INSTRUCTIONS FOR THE TASK:
Only the pictures are to be left out; the listing itself is repeated exactly.

GIVEN INFORMATION:
○ ○ ○ ○ ○ ○ ○
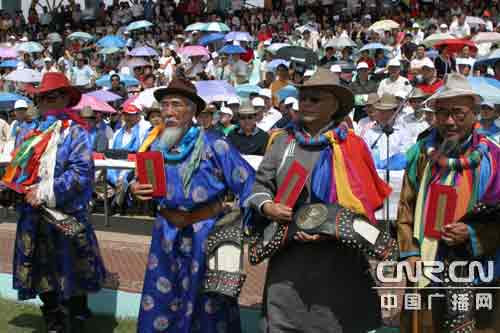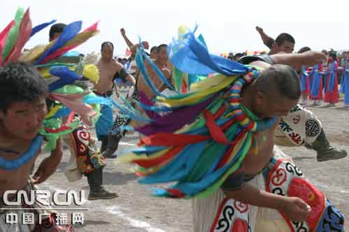 一年一度的蒙古族那達慕大會吸引了許多外地和國外游客,一位意大利游客馬可興奮地說:“我非常喜歡大草原和蒙古族文化。我特意邀了20名好友一起從意大利來到這里看那達慕。”在25日上午的那達慕開幕式上,精彩的蒙古族歌舞表演和馬術表演迎來了觀眾們的陣陣歡呼。 本屆那達慕大會由內蒙古自治區旅游局、烏蘭察布市人民政府共同主辦,四子王旗人民政府、烏蘭察布市旅游局、四子王旗格根塔拉草原旅游中心承辦。那達慕將從7月25日開始持續到31日。烏蘭察布市旅游局局長劉廣平告訴記者:“今年的那達慕大會恰逢內蒙古成立60 周年,主辦方整合各種資源,擴大了規模,增加了傳統項目賽馬、摔跤、射箭的參加馬匹數和參賽人數,同時將傳統的祭敖包活動也編進了那達慕大會。在表演方面,邀請了內蒙古馬術隊、蒙古國東戈壁省歌舞團、蒙古國人體彩繪等知名表演隊前來表演。大會還進一步改善旅游接待設施,新建了蒙古戰車包50頂,改建了接待包和千人大餐廳,擴建了草原噴灌設施! 那達慕,蒙古語意為游戲或娛樂的意思,是蒙古族人民在漫長的歷史活動中凝練和創造并延續下來的不限場地、草原牧民能全員參加的節慶活動。它集競技、交流、歡慶為一體,文藝表演、賽馬、摔跤、射箭是其重要內容。如今,內蒙古自治區旅游那達慕已經在格根塔拉草原旅游中心成功舉辦了十七屆,成為內蒙古草原旅游的知名品牌,每年吸引著來自海內外的大量游客。
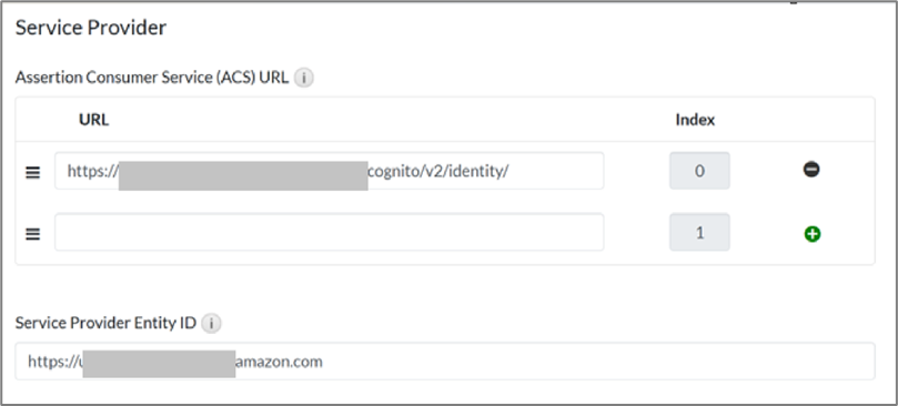 - Click Choose File and import the metadata downloaded from AWS Amazon Cognito to populate the ACS URL and Service Provider Entity ID.
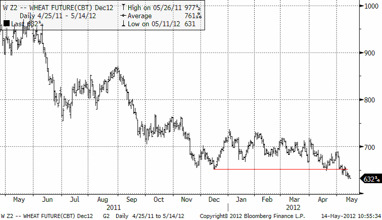 Nedan ser vi Chicagovetet med leverans i december. Priset trendar nedåt efter att ha brutit stödet på 650 cent.
○ ○ ○ ○ ○ ○ ○
WRITTEN SOLUTION:
 一年一度的蒙古族那達慕大會吸引了許多外地和國外游客,一位意大利游客馬可興奮地說:“我非常喜歡大草原和蒙古族文化。我特意邀了20名好友一起從意大利來到這里看那達慕。”在25日上午的那達慕開幕式上,精彩的蒙古族歌舞表演和馬術表演迎來了觀眾們的陣陣歡呼。 本屆那達慕大會由內蒙古自治區旅游局、烏蘭察布市人民政府共同主辦,四子王旗人民政府、烏蘭察布市旅游局、四子王旗格根塔拉草原旅游中心承辦。那達慕將從7月25日開始持續到31日。烏蘭察布市旅游局局長劉廣平告訴記者:“今年的那達慕大會恰逢內蒙古成立60 周年,主辦方整合各種資源,擴大了規模,增加了傳統項目賽馬、摔跤、射箭的參加馬匹數和參賽人數,同時將傳統的祭敖包活動也編進了那達慕大會。在表演方面,邀請了內蒙古馬術隊、蒙古國東戈壁省歌舞團、蒙古國人體彩繪等知名表演隊前來表演。大會還進一步改善旅游接待設施,新建了蒙古戰車包50頂,改建了接待包和千人大餐廳,擴建了草原噴灌設施! 那達慕,蒙古語意為游戲或娛樂的意思,是蒙古族人民在漫長的歷史活動中凝練和創造并延續下來的不限場地、草原牧民能全員參加的節慶活動。它集競技、交流、歡慶為一體,文藝表演、賽馬、摔跤、射箭是其重要內容。如今,內蒙古自治區旅游那達慕已經在格根塔拉草原旅游中心成功舉辦了十七屆,成為內蒙古草原旅游的知名品牌,每年吸引著來自海內外的大量游客。
 - Click Choose File and import the metadata downloaded from AWS Amazon Cognito to populate the ACS URL and Service Provider Entity ID.
 Nedan ser vi Chicagovetet med leverans i december. Priset trendar nedåt efter att ha brutit stödet på 650 cent.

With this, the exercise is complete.